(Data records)

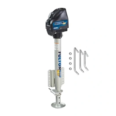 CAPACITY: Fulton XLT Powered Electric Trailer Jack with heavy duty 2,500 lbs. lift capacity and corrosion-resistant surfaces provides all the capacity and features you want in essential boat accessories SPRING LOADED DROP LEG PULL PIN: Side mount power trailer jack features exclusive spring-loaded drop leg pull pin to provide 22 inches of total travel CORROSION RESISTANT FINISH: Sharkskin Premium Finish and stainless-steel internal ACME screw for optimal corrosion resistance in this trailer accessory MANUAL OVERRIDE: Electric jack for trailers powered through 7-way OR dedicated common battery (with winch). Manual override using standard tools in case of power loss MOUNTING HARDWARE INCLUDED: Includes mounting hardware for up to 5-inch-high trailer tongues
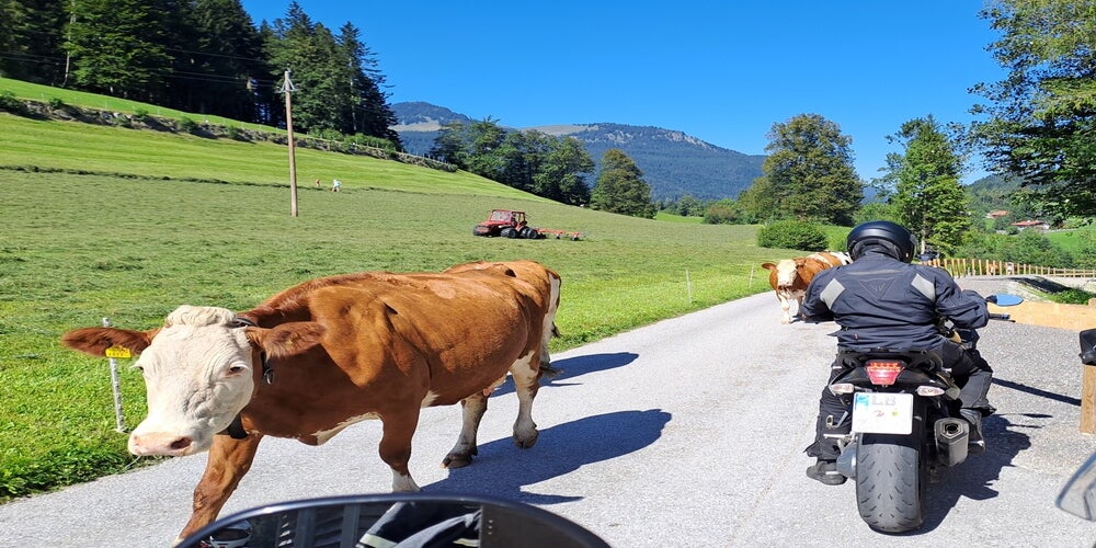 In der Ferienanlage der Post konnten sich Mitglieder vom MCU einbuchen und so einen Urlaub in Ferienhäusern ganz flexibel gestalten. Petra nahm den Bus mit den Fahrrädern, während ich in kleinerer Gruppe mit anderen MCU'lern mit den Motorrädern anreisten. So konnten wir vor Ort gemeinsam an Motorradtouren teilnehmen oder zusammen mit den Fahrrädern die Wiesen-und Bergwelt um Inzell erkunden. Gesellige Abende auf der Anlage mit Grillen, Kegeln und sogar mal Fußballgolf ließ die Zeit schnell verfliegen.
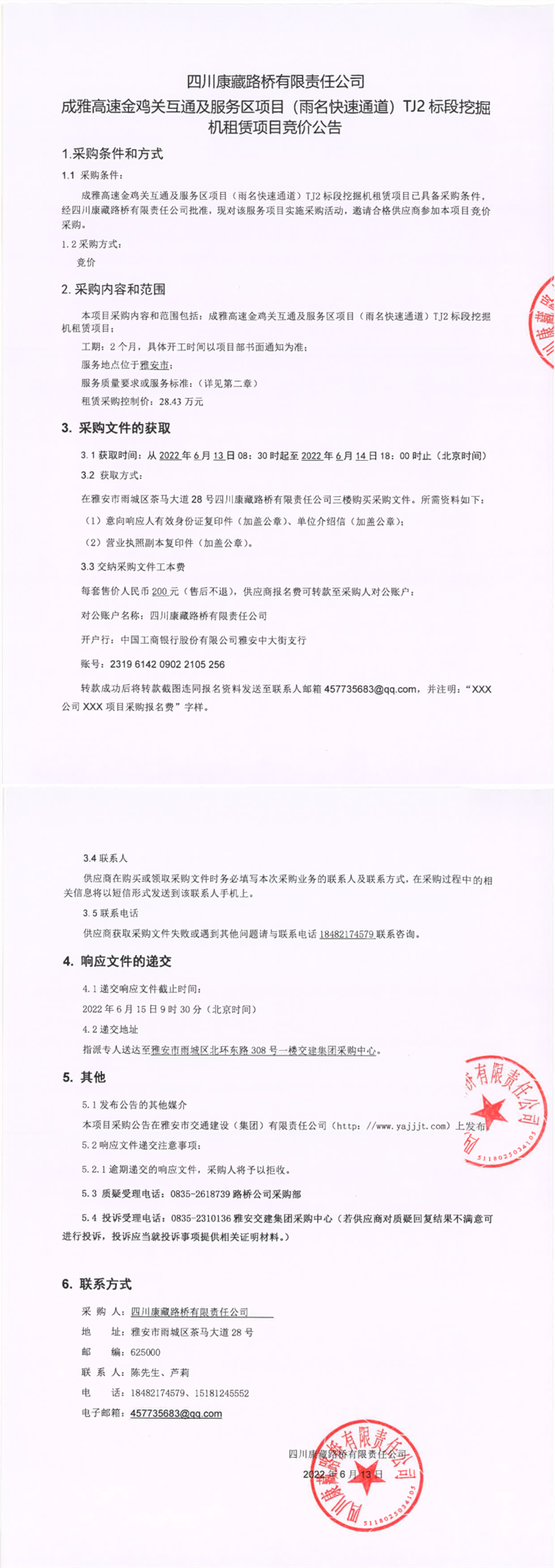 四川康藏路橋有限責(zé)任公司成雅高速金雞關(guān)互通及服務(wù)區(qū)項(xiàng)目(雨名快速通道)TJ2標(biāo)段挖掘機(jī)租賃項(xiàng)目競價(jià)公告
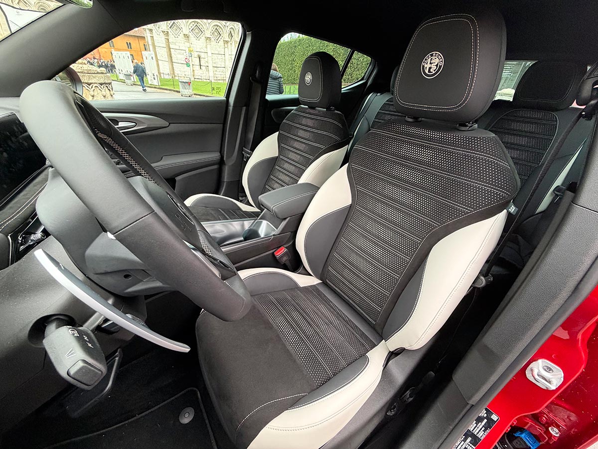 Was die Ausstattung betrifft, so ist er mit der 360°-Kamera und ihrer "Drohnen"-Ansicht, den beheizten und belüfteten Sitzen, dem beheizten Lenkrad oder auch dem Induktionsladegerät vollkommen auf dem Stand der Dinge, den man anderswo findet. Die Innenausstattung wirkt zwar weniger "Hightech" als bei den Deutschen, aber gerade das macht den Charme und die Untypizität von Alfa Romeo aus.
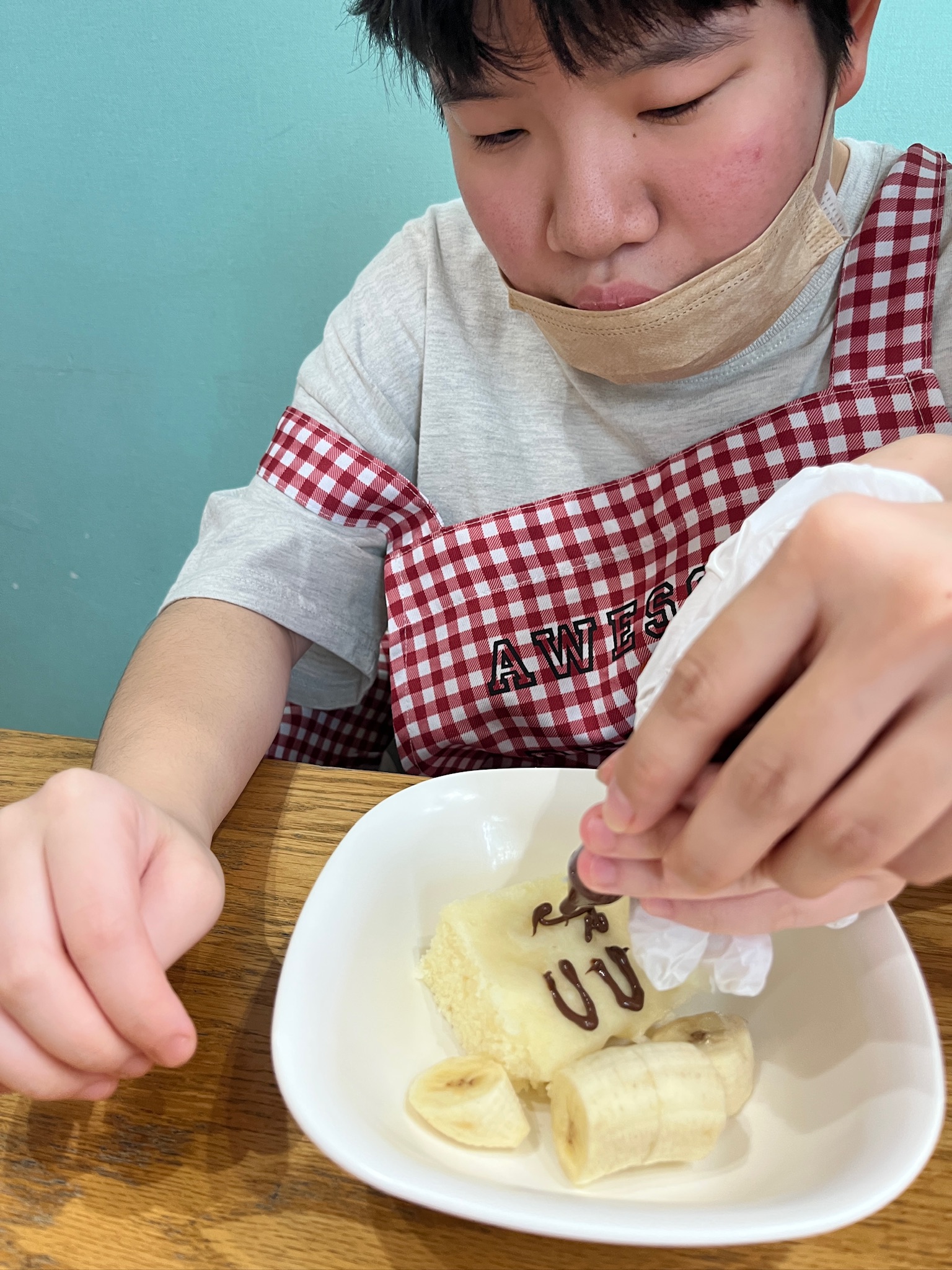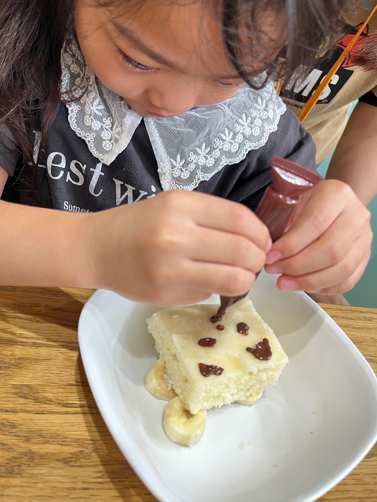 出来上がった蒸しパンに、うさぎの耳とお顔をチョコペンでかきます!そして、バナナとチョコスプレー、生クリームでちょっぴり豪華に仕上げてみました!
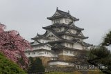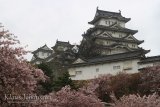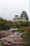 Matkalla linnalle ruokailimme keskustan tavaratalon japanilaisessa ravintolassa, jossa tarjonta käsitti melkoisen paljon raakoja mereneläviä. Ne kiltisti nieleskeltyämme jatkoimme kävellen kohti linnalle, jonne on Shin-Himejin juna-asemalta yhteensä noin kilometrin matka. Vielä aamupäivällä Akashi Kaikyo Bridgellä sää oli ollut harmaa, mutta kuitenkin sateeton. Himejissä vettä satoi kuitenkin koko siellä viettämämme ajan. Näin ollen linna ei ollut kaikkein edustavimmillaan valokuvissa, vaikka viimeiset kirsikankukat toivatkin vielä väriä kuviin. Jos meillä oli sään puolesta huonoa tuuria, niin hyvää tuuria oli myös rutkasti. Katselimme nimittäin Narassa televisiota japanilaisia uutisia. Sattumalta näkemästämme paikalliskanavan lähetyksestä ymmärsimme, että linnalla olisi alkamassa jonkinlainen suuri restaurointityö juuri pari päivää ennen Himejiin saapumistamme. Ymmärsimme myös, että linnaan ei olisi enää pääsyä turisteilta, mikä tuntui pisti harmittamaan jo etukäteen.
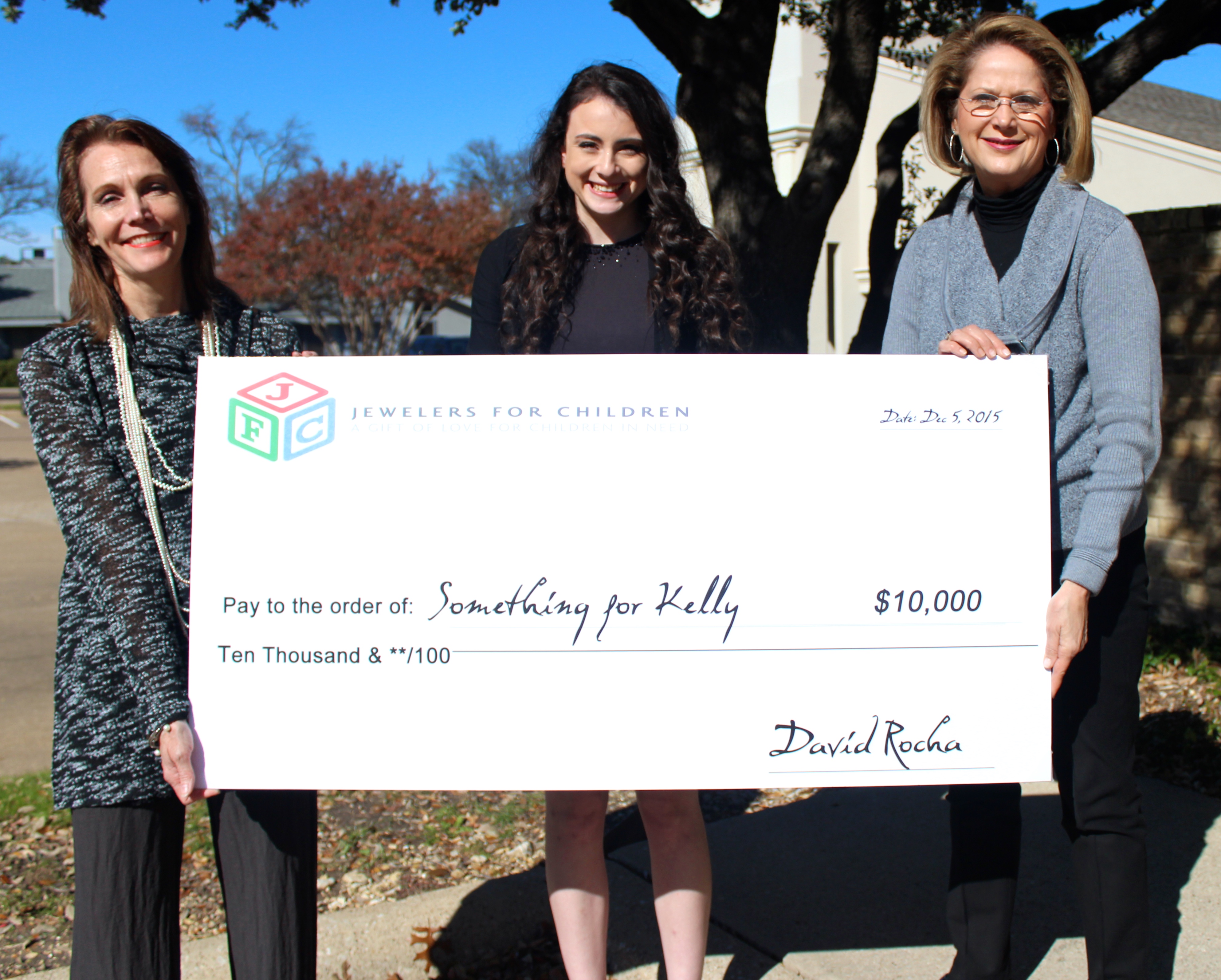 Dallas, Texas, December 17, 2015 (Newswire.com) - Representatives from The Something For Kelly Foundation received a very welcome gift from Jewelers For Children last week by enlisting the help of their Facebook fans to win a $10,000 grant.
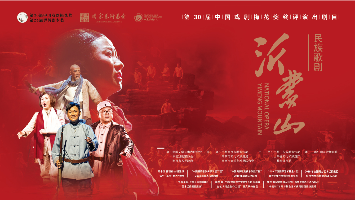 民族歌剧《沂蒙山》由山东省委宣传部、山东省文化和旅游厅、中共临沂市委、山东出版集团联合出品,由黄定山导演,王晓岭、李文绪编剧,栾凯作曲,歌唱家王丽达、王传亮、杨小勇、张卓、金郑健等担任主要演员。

◆ **What you have to do**: What you give back should match the entries above exactly, except that pictures are dropped.

◆ **Result of the task**:
 CAPACITY: Fulton XLT Powered Electric Trailer Jack with heavy duty 2,500 lbs. lift capacity and corrosion-resistant surfaces provides all the capacity and features you want in essential boat accessories SPRING LOADED DROP LEG PULL PIN: Side mount power trailer jack features exclusive spring-loaded drop leg pull pin to provide 22 inches of total travel CORROSION RESISTANT FINISH: Sharkskin Premium Finish and stainless-steel internal ACME screw for optimal corrosion resistance in this trailer accessory MANUAL OVERRIDE: Electric jack for trailers powered through 7-way OR dedicated common battery (with winch). Manual override using standard tools in case of power loss MOUNTING HARDWARE INCLUDED: Includes mounting hardware for up to 5-inch-high trailer tongues
 In der Ferienanlage der Post konnten sich Mitglieder vom MCU einbuchen und so einen Urlaub in Ferienhäusern ganz flexibel gestalten. Petra nahm den Bus mit den Fahrrädern, während ich in kleinerer Gruppe mit anderen MCU'lern mit den Motorrädern anreisten. So konnten wir vor Ort gemeinsam an Motorradtouren teilnehmen oder zusammen mit den Fahrrädern die Wiesen-und Bergwelt um Inzell erkunden. Gesellige Abende auf der Anlage mit Grillen, Kegeln und sogar mal Fußballgolf ließ die Zeit schnell verfliegen.
 四川康藏路橋有限責(zé)任公司成雅高速金雞關(guān)互通及服務(wù)區(qū)項(xiàng)目(雨名快速通道)TJ2標(biāo)段挖掘機(jī)租賃項(xiàng)目競價(jià)公告
 Was die Ausstattung betrifft, so ist er mit der 360°-Kamera und ihrer "Drohnen"-Ansicht, den beheizten und belüfteten Sitzen, dem beheizten Lenkrad oder auch dem Induktionsladegerät vollkommen auf dem Stand der Dinge, den man anderswo findet. Die Innenausstattung wirkt zwar weniger "Hightech" als bei den Deutschen, aber gerade das macht den Charme und die Untypizität von Alfa Romeo aus.
 出来上がった蒸しパンに、うさぎの耳とお顔をチョコペンでかきます!そして、バナナとチョコスプレー、生クリームでちょっぴり豪華に仕上げてみました!
 Matkalla linnalle ruokailimme keskustan tavaratalon japanilaisessa ravintolassa, jossa tarjonta käsitti melkoisen paljon raakoja mereneläviä. Ne kiltisti nieleskeltyämme jatkoimme kävellen kohti linnalle, jonne on Shin-Himejin juna-asemalta yhteensä noin kilometrin matka. Vielä aamupäivällä Akashi Kaikyo Bridgellä sää oli ollut harmaa, mutta kuitenkin sateeton. Himejissä vettä satoi kuitenkin koko siellä viettämämme ajan. Näin ollen linna ei ollut kaikkein edustavimmillaan valokuvissa, vaikka viimeiset kirsikankukat toivatkin vielä väriä kuviin. Jos meillä oli sään puolesta huonoa tuuria, niin hyvää tuuria oli myös rutkasti. Katselimme nimittäin Narassa televisiota japanilaisia uutisia. Sattumalta näkemästämme paikalliskanavan lähetyksestä ymmärsimme, että linnalla olisi alkamassa jonkinlainen suuri restaurointityö juuri pari päivää ennen Himejiin saapumistamme. Ymmärsimme myös, että linnaan ei olisi enää pääsyä turisteilta, mikä tuntui pisti harmittamaan jo etukäteen.
 Dallas, Texas, December 17, 2015 (Newswire.com) - Representatives from The Something For Kelly Foundation received a very welcome gift from Jewelers For Children last week by enlisting the help of their Facebook fans to win a $10,000 grant.
 民族歌剧《沂蒙山》由山东省委宣传部、山东省文化和旅游厅、中共临沂市委、山东出版集团联合出品,由黄定山导演,王晓岭、李文绪编剧,栾凯作曲,歌唱家王丽达、王传亮、杨小勇、张卓、金郑健等担任主要演员。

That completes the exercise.